- **Given data**:

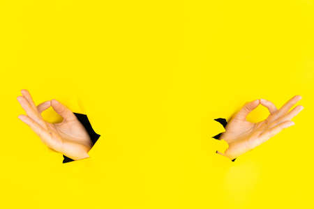 Woman hands in meditation position, waiting for special moment, making wish in torn holes isolated over yellow background in studio. Copy space for advertisement. Practicing yoga, relaxing concept.
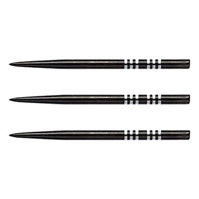 Black Long Re-grooved points 41mm long 3 sets of points per pack Medium friction coating with machined grooves for maximum finger grip When inserted into the dart, between 5mm and 6mm of each point enters into the barrel of the dart. Therefore, a 32mm point will only show 26mm or 27mm of the actual point
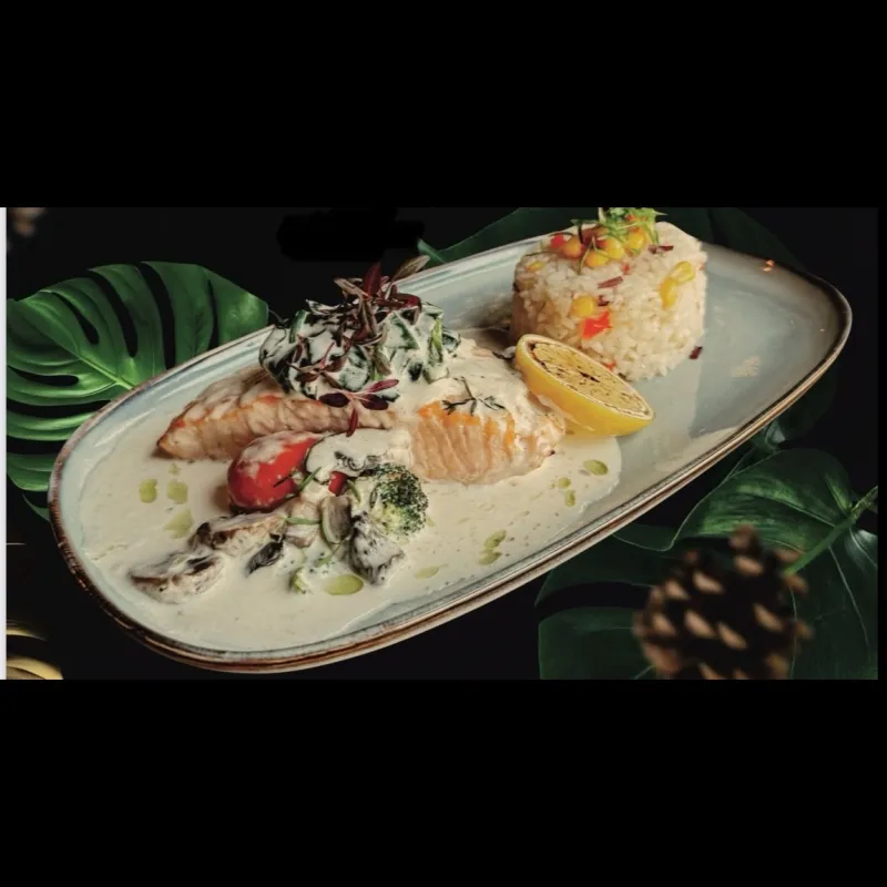 Стейк семги обжаренный на сливочном масле с тимьяном, томатами черри, брокколи и шпинатом в сливочно-чесночном соусе. Подается с рисом.

- **Description of the task**: Everything in the data above, apart from the pictures, should be retyped exactly.

- **Answer space**:
 Woman hands in meditation position, waiting for special moment, making wish in torn holes isolated over yellow background in studio. Copy space for advertisement. Practicing yoga, relaxing concept.
 Black Long Re-grooved points 41mm long 3 sets of points per pack Medium friction coating with machined grooves for maximum finger grip When inserted into the dart, between 5mm and 6mm of each point enters into the barrel of the dart. Therefore, a 32mm point will only show 26mm or 27mm of the actual point
 Стейк семги обжаренный на сливочном масле с тимьяном, томатами черри, брокколи и шпинатом в сливочно-чесночном соусе. Подается с рисом.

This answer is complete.